Jaja, denkt het mannetje Emanuel, juilie hebben het voorspeld. Direct al. Zo zijn jullie. Meneer buurman en mevrouw buurman. En de pastoor en de dominee, - zo zijn jullie. Jullie hebben geluisterd vol spottende verbazing en heimelijk medelijden.
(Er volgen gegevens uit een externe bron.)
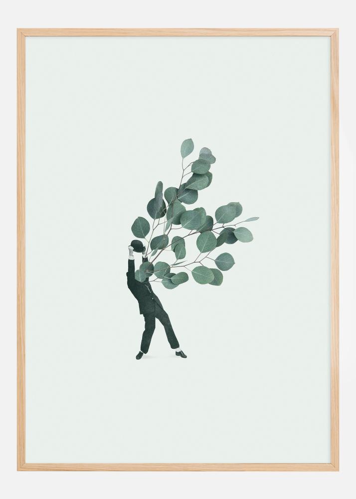 Denne kunstneriske og stilrene plakaten presenterer en minimalistisk silhuett av en person som bærer på en frodig bukett av eukalyptusblader, et visuelt uttrykk som er like enkelt som det er kraftfullt. Figurens svarte kontur mot den lyse bakgrunnen står i skarp kontrast til eukalyptusbladenes myke grønne nyanser, skaper en følelse av fredfull natur i samspill med menneskelig nærvær.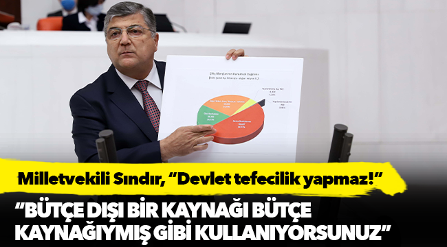 Yapılandırılacak olan borcun Tarım Kredi Kooperatiflerine olan borcun tamamıymış gibi bir algı yaratıldığını ve tefeci faizi ile borçların yapılandırıldığını ifade ederek sözlerine devam eden Sındır, “sadece takibe alınmış borçlar kapsama alınıyor. Buna çiftçi sayısı açısından baktığımızda; Çiftçi Kayıt Sistemi'ne kayıtlı 1 milyon 800 bin çiftçi varken, sadece 21 bin 086'sı yani yüzde 1,2'si bu yapılandırma kapsamına giriyor. 900 milyon lira borca uygulanacak faiz Yüzde 18. Yüzde 6'sını devlet üstlenecekmiş. Buna tefeci faizi denir. Sayın AK PARTİ Genel Başkanının grup konuşmasında ‘Önümüzdeki dönem enflasyon oranını tek haneli rakamlara düşüreceğiz’ sözü ortadayken siz yüzde 20'ye varan oranda bir tefeci faiziyle çiftçiyi borçlandırıyorsunuz ve ‘Yüzde 30'unu da bu yılın ekim ayında peşin ödeyeceksin’ diyorsunuz. Devlet, tefecilik yapmaz; vatandaşının sırtından onu açlığa, yoksulluğa, sefalete ve hatta intihara kadar sürükleyecek şekilde zenginleşme derdine düşmez, düşmemelidir” dedi.

En tenslotte hebben jullie je met een verwerpend schouderophalen van mij afgekeerd. Zalig zijn de armen van geest, nietwaar. Ik ben de profeet van de waanzin. Maar ik ben toch doorgegaan want het genie is ontembaar en gelooft onvoorwaardelijk in zichzelf. En eerst was ik verdrietig
| |
| |
om jullie spottend ongeloof, maar daar ben ik van genezen. Ik werd standvastiger, rijper, doelbewuster. Alleen wèl een beetje eenzaam...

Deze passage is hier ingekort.